Людмила Владимирская
  Жара… В расплавившейся асфальт впечатываются подошвы. Прохожие редки: разъехались на дачи, в деревни, к родственникам посидеть с удочкой на берегу сонной речушки, порыбачить вволю.
  Этим летом Петровна не дождалась столичных гостей, хоть и насадила целый огород. Тут тебе и горох, и редиска, и зелень всякая… Да куда ей столько?
- Хоть бы приехали, забрали, - отписала она дочери, - зря, что ли я старалась, спину гнула.
- Мама, - отвечала дочь, - нам совсем некогда, много работы. Если хочешь, приезжай сама,  Москву посмотришь. Билет в обратную сторону, я тебе возьму, не беспокойся.
- Вишь, дочка-то, - Петровна сует письмо соседке, Марье Ивановне.
- Не то, что иные, некоторые, городские прокламации. Хушь и боялась я ее от себя отпускать, да видно, хорошего человека Москвой не испортишь.
  Марья Ивановна не то, что бы подружка, так, заходит иногда, и на том спасибо.
- В нонешние времена, где его взять, внимание-то, - теребит Петровна письмо,  - дочку-то я вырастила, почитай, одна. Она у меня с измальства жалостливая. Бывало, к празднику, завсегда открытку, аль подарочек приготовит. - Нате, говорит, мама, от меня. Так и напишет:- любимой мамочке.
  Марья Ивановна замолчала В ее молчании Петровна распознает сомнение, которое мучает и ее.
- Ты че молчишь, аль не согласная? Так ты ее плохо знаешь, хоть и учительница. Я, мать, свое дите завсегда угадаю.
- Да я что, - не возражает Марья Ивановна, - конечно, поезжай, может и правда все хорошо будет, расскажешь, как Москва поживает?
- Ну-ну, - примирительно говорит Петровна, -  ясно, расскажу. Чай не на Калыму еду, к дочери. Будет об чем поведать.
  Проводив гостью, садится к столу, подпирает голову рукой, с обломанными, почерневшими от земли, руками. Во всех ее движениях читается сомнение. То поправит на столе ажурную вязаную скатерть, то одернет и без того аккуратную юбку, то снова возьмется перечитывать письмо.
- Да и что не поехать? Им, может, и впрямь некогда: ить Москва есть Москва, мало ли? На мгновенье застывает.

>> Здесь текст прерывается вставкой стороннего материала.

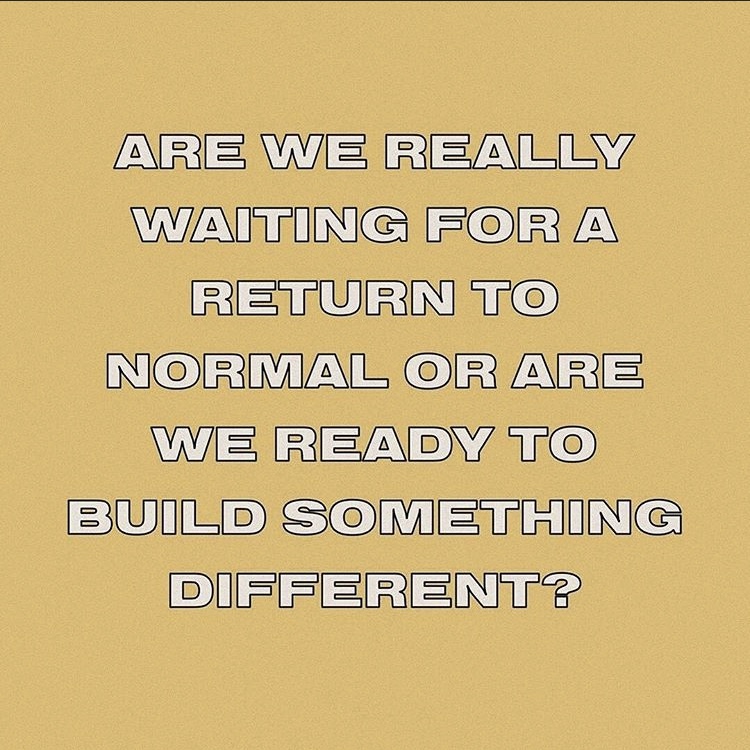 How about you, do you want to return to what we’ve all conceded to life as we know it? Think real hard, ALL THE WAY BACK to three months ago. Memories are getting shorter by the day but I’m fairly certain that if we were being honest with ourselves we’d admit that life before quarantine sucked, too. Yes, it was a very different kind of shit storm than the one we’re currently experiencing, but it sure as hell didn’t include leisurely walks outside with the boyfriend or the slightest notion that I’d find time to perfect a pie crust. I still haven’t binge watched Game of Thrones but I like feeling that I could binge watch Game of Thrones. Pre-pandemic days didn’t have regular check ins with friends to see if they were ok because we just assumed that they were. There were no surprise front door deliveries of baked goods, booze or flowers to cultivate a sense of connection and share a smile. It’s been encouraging to see what is possible when we are given permission to slow down and make time for ourselves and the ones we love. Instead of rushing off to all our obligations, we’re consciously engaging with people we care about through simple pleasures like puzzles and cooking and conversation. We’re getting creative with our entertainment – by generating new outlets and adapting old ones. People are sewing again! Ok, it’s for masks, but still! Listen, I don’t want to be stuck in a world in which every moment is colored by the fear of a super-virus; where the nightly news updates the death toll stats like we’re living in a damn Suzanne Collins novel. But I also don’t think it’s too much to ask for a world that doesn’t make us choose between our lives and our livelihoods. I fear reopening because I fear returning to an existence devoid of time to enjoy and explore the life we’ve been given. As others rush to get back to their church services, restaurants reservations and business meetings, I mourn freedom and possibility and another project that will likely turn into an unfinished orphan. I don’t want to be so excited to return to the normal days that we sacrifice what could actually be better ones. We’ve gained a lot of good in this bad time – don’t let it be in vain.
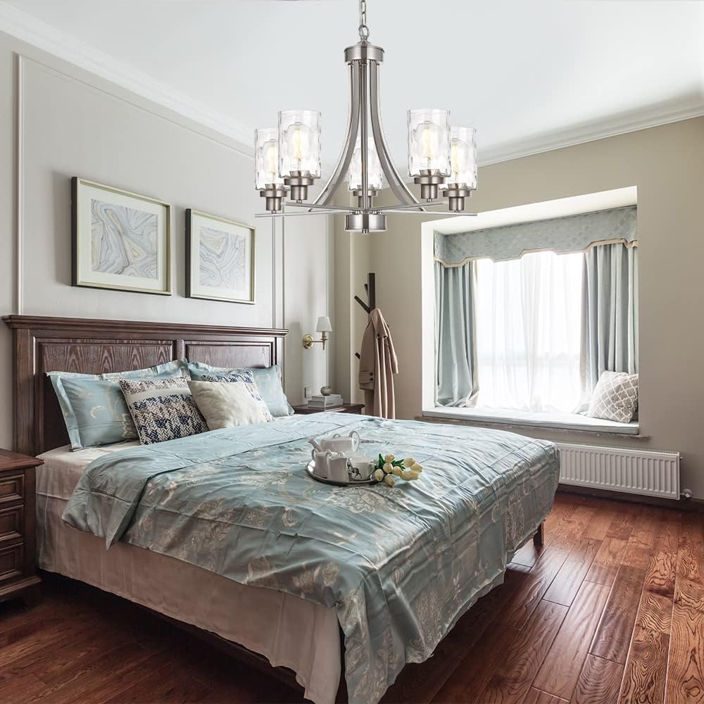 - 💎5 Light Glass Chandelier: This contemporary chandelier with high clear glass shades,it is an elegant update for traditional and modern homes alike.It's the perfect light fixture to install in kitchen, island, dining room,living room,foyers ,hallway,bedroom,coffee bar, lobby, restaurant and any space you like.
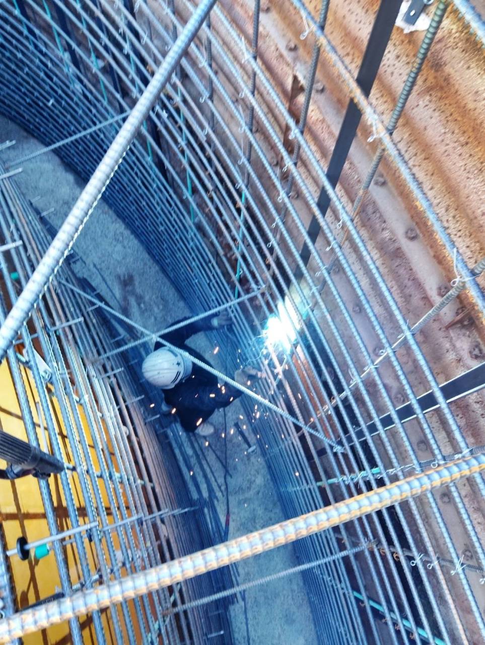 愛知県新城市のT施設にて鍛冶工事を行っている愛知県豊川市の山真工業です! 2025/12/10 型枠用アングル取付 溶接 いつも山真工業のホームページをご覧いただきありがとうございます! 今回の投稿は、愛知県新城市のT施設にて型枠を強固に組立する為にアングルL40*40*500を85本を 取付する工事なります! 狭い場所での溶接で、尚且つキャップタイヤが鉄筋に絡まるのでやり取りが面倒くさい感じですが頑張って 溶接しています。 それでは皆さん本日も一日ご安全に!

- Может ее мужик не отпускает? – посещает ее каверзная мысль.
- Да вряд ли… Раз пишет, что живут хорошо, значит так оно и есть: чего на человека напраслину возводить? Тьфу, нечистый дух! 
  Устав сомневаться, уложила дочери в подарок платок кашемировый, зятю, носки вязаные из овечьей шерсти. 
- Эко дело, - успокаивает она себя, - три часа на эдектричке, а там встретят… Уж, поди готовится дочка-то. Парит варит… Чай не кого, мать встречает. Счастливо смеется, лучатся морщинки у глаз.
- Вот я, ужо,  посмотрю, какая ты хозяйка, научилась ли борщи-то варить… То-то.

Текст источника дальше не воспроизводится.